Un hommage vivant
La Ville du Lamentin a choisi d’ouvrir un chemin singulier en rendant hommage à Édouard Glissant par un cycle de conférences qui s’étend d’avril à décembre 2025, sous la houlette de Loïc Céry et de l’Institut du Tout-Monde. Cinq rendez-vous, comme autant de haltes sur un itinéraire qui relie Lézarde et Cohée, deux lieux symboliques où s’inscrit la trajectoire de celui qui fit du Lamentin le rhizome premier d’une pensée-monde.

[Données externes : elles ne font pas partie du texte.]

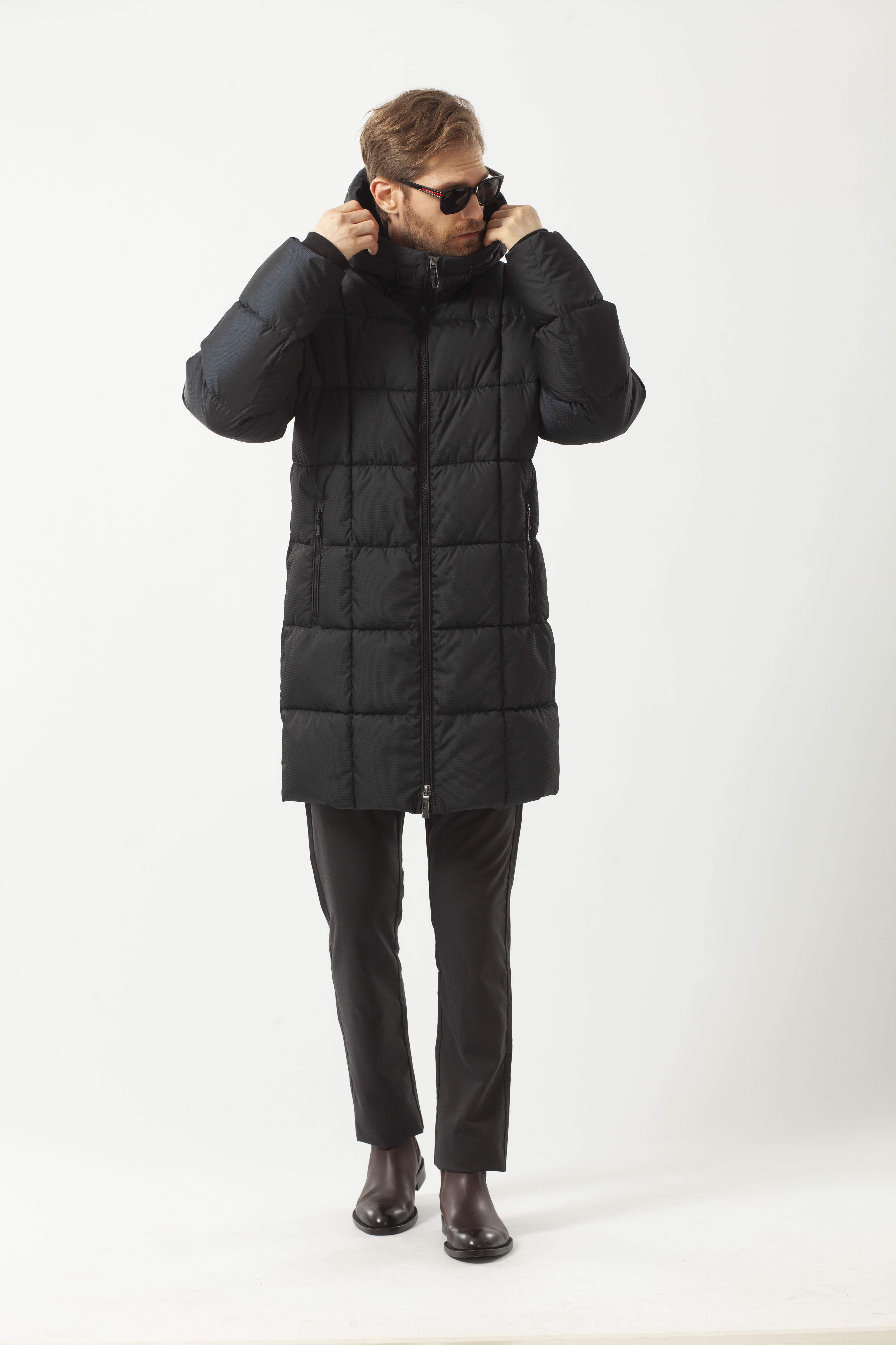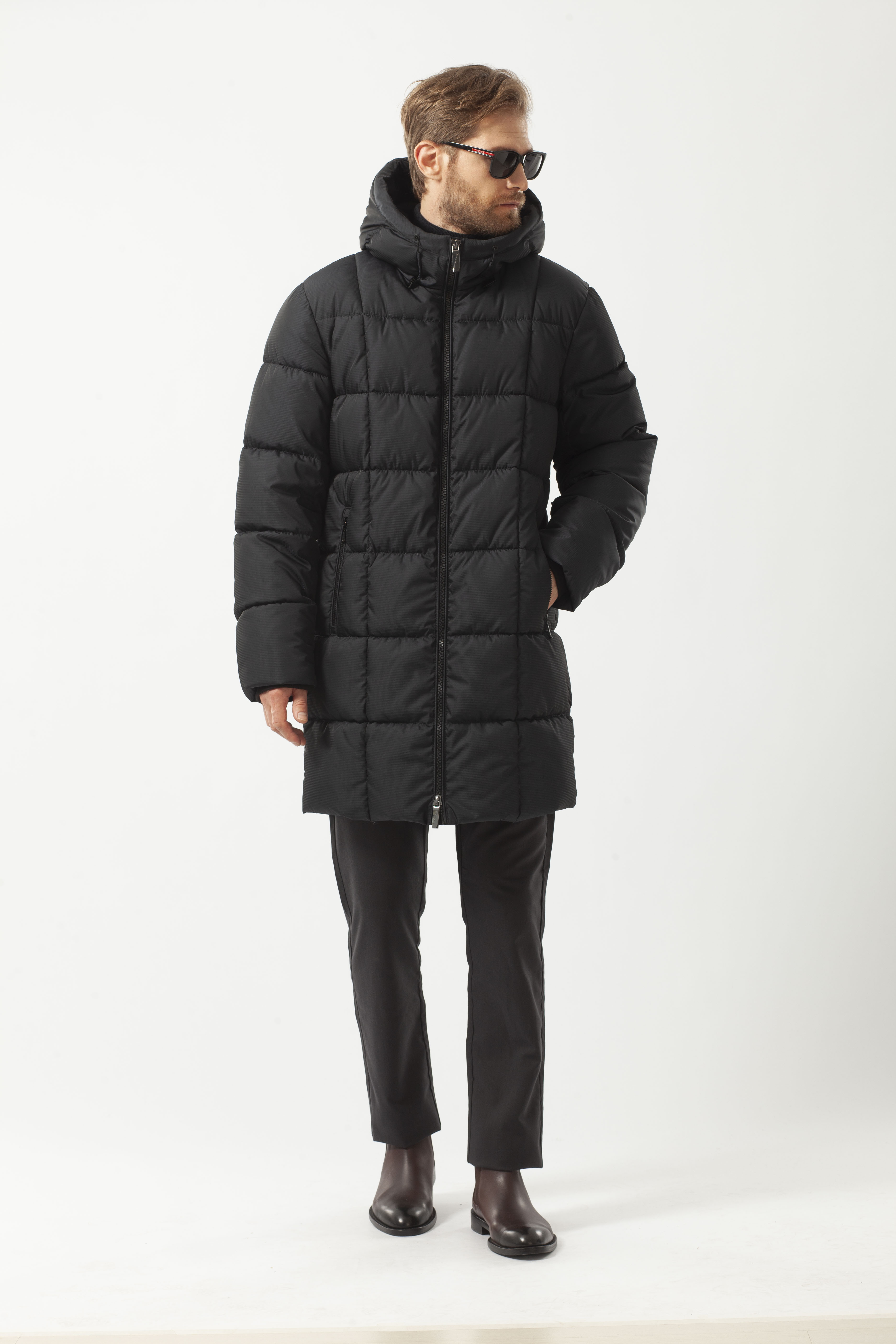 Пуховик мужской зимний из плотной плащевой ткани утеплён био-пухом высокого качества с отличными теплоизоляционными характеристиками. Удлинённая куртка комфортного прямого кроя, с классическим воротником-стойкой. Втачной покрой рукава. Удобная застёжкой на молнии. Ветрозащитная планка вдоль молнии способствует сохранению тепла внутри пуховика. Капюшон регулируется резинкой с фиксаторами на кулиске.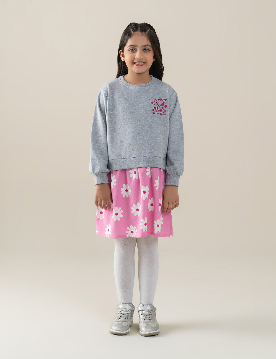 This adorable Snoopy dress is the perfect blend of comfort and cuteness for little girls. The grey top features a sweet Snoopy graphic with hearts, bringing a playful and loving vibe to her look. The dress transitions into a soft pink skirt decorated with bright white daisies, adding a cheerful, girly touch. Cozy, stylish, and easy to wear — ideal for everyday outings, playdates, or casual occasions!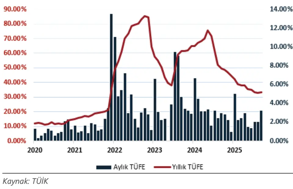 - "TÜİK Ekim ayı enflasyon rakamlarını saat 10.00’da duyuracak. Anımsanacağı gibi Eylül'de TÜFE %3,23 oranında artarak %2,6 olan piyasa beklentisini belirgin şekilde geride bırakmıştı. Böylece yıllık enflasyon bir önceki aya oranla 0,34 puan artarak %33,29 seviyesine yükselirken 15 aydır arka arkaya süren dezenflasyon süreci kesintiye uğramıştı. Bu tabloya paralel olarak Merkez Bankası 300 ve 250 baz puanlık faiz indirimlerinin ardından Ekim'de indirimlerin boyutunu azaltma ihtiyacı hissetmiş ve politika faizinde 100 baz puanlık indirim yapmıştı. Merkez Bankası'nın 2025 sonu enflasyon ara hedefi %24 seviyesinde bulunurken tahmin aralığı ise %24-29 bandında yer alıyor. Ancak Eylül'de enflasyonun ana eğilimindeki yükseliş yıl sonunda söz konusu bandın üzerinde bir rakamla karşılaşma ihtimalimizin çok yüksek olduğuna işaret ediyor."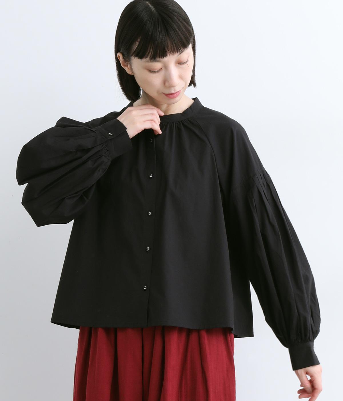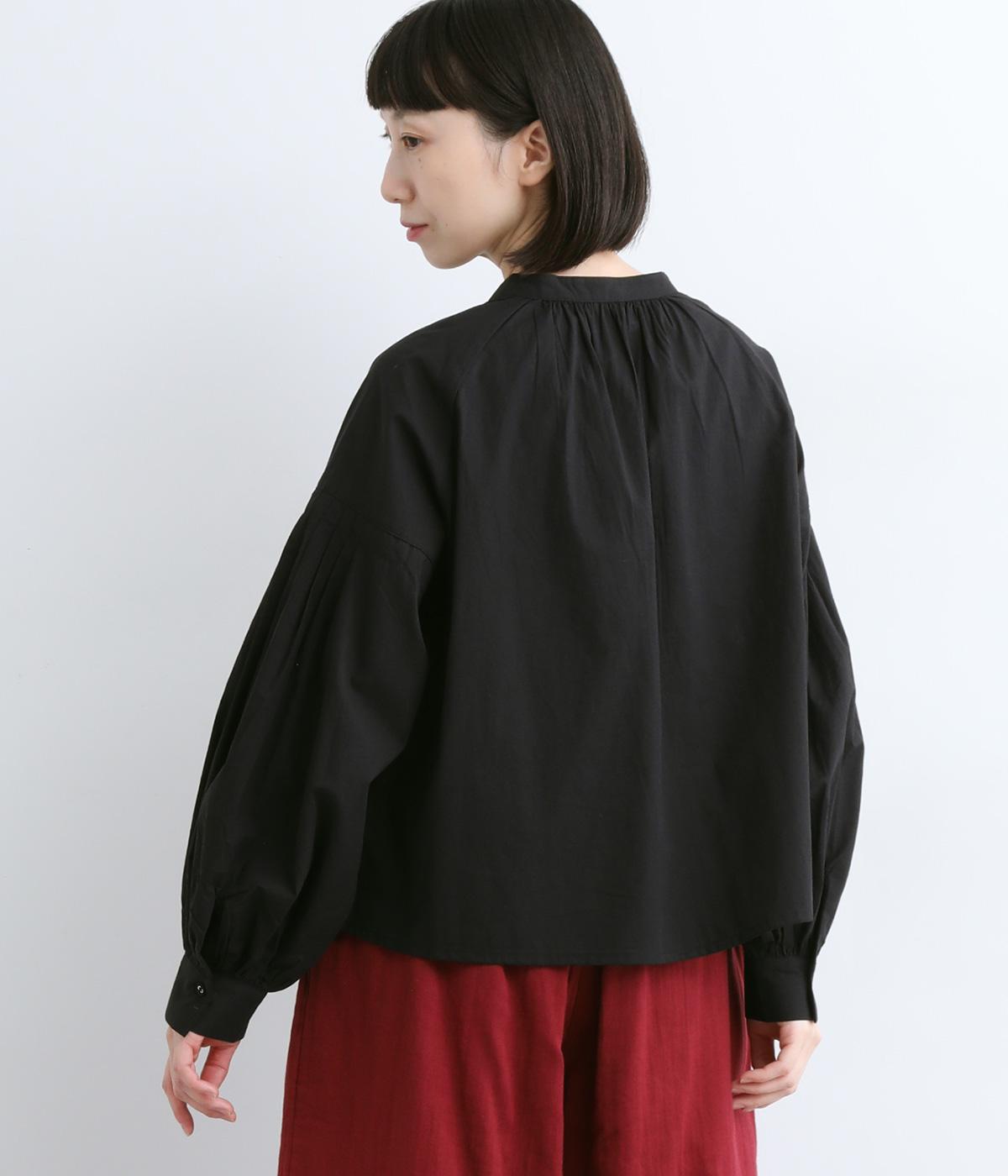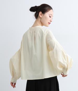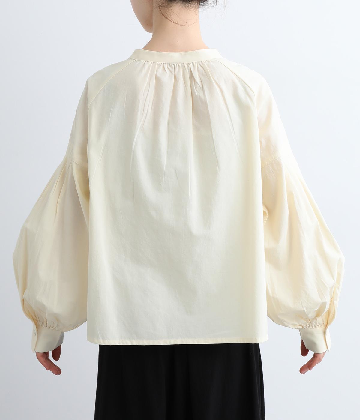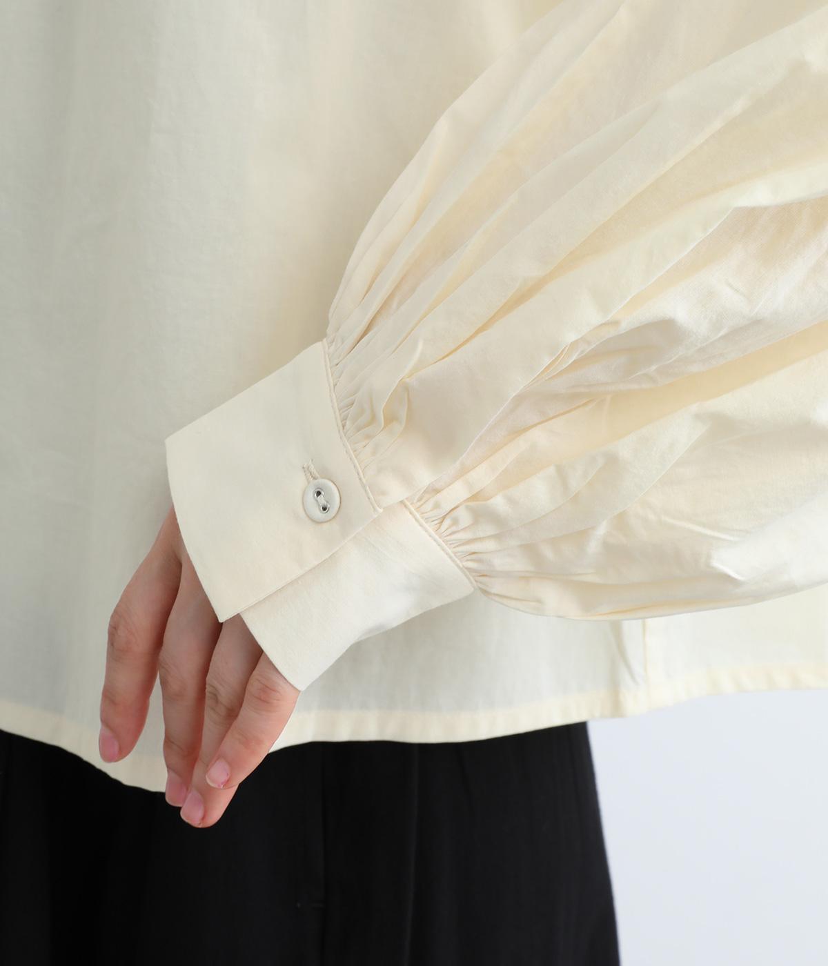 二の腕からふっくらと広がるバルーンスリーブが、フェミニンな愛らしさを引き立てるレディなブラウス。端正なスタンドカラーに対して、背面にはギャザーをたっぷりと施しふわりと優しく包み込んでくれます。体のラインを拾わず、着映えが叶う嬉しい一枚です。

Les étapes d’un itinéraire
Le premier rendez-vous en avril a rappelé l’évidence d’un ancrage : Glissant est né ici, dans la rumeur de cette terre martiniquaise, mais son œuvre n’a cessé de se déployer vers le large, offrant au monde une poétique de la relation. En juin, la réflexion s’est tournée vers l’identité, l’histoire et la mémoire, posant la question de savoir comment un lieu peut porter en lui toute une politique de l’existence. En août, les notions cardinales de créolisation, de Tout-Monde et de mondialité ont été mises en avant, non comme concepts figés mais comme tremplins pour redéfinir l’universel. À l’automne et en décembre, deux nouvelles étapes poursuivront ce déploiement, toujours tendu entre l’insularité d’origine et l’horizon de l’universel.
Mémoire et responsabilité
Ce cycle n’est pas une commémoration figée. C’est une manière de faire vivre la pensée, de l’arracher à l’ombre des célébrations pour l’offrir à l’actualité brûlante. Lamentin devient ici non pas simple décor, mais lieu actif où se rejoue la politique du lieu chère à Glissant, où se noue le dialogue entre mémoire de l’esclavage, héritage colonial, et invention d’un avenir ouvert. L’œuvre de Glissant nous invite à comprendre que la mémoire ne se réduit pas à la plainte, qu’elle peut devenir levier, qu’elle peut transfigurer l’horreur en responsabilité et en désir d’avenir.
Une boussole pour le présent
En convoquant ses grands concepts — créolisation, archipel, opacité — le cycle dit aussi que la pensée de Glissant demeure une boussole pour le présent. Face aux périls d’une mondialisation uniformisante, elle propose un universel bigarré, un universel qui ne dissout pas les différences mais les relie. C’est une arme contre les replis identitaires comme contre les impérialismes culturels, une invitation à vivre la diversité comme promesse et non comme menace.
Une traversée vers l’avenir
Au Lamentin, entre la rivière Lézarde et l’écho de Cohée, se dessine ainsi une traversée. Non un retour nostalgique vers un passé sanctuarisé, mais une avancée vers un avenir où la Martinique assume son inscription dans le Tout-Monde. Comme l’écrivait Glissant, il nous faut « consentir à l’inattendu de l’autre », et c’est bien ce que propose ce cycle : un geste d’ouverture, une manière de dire que la pensée née d’un lieu peut, sans se renier, éclairer le monde entier.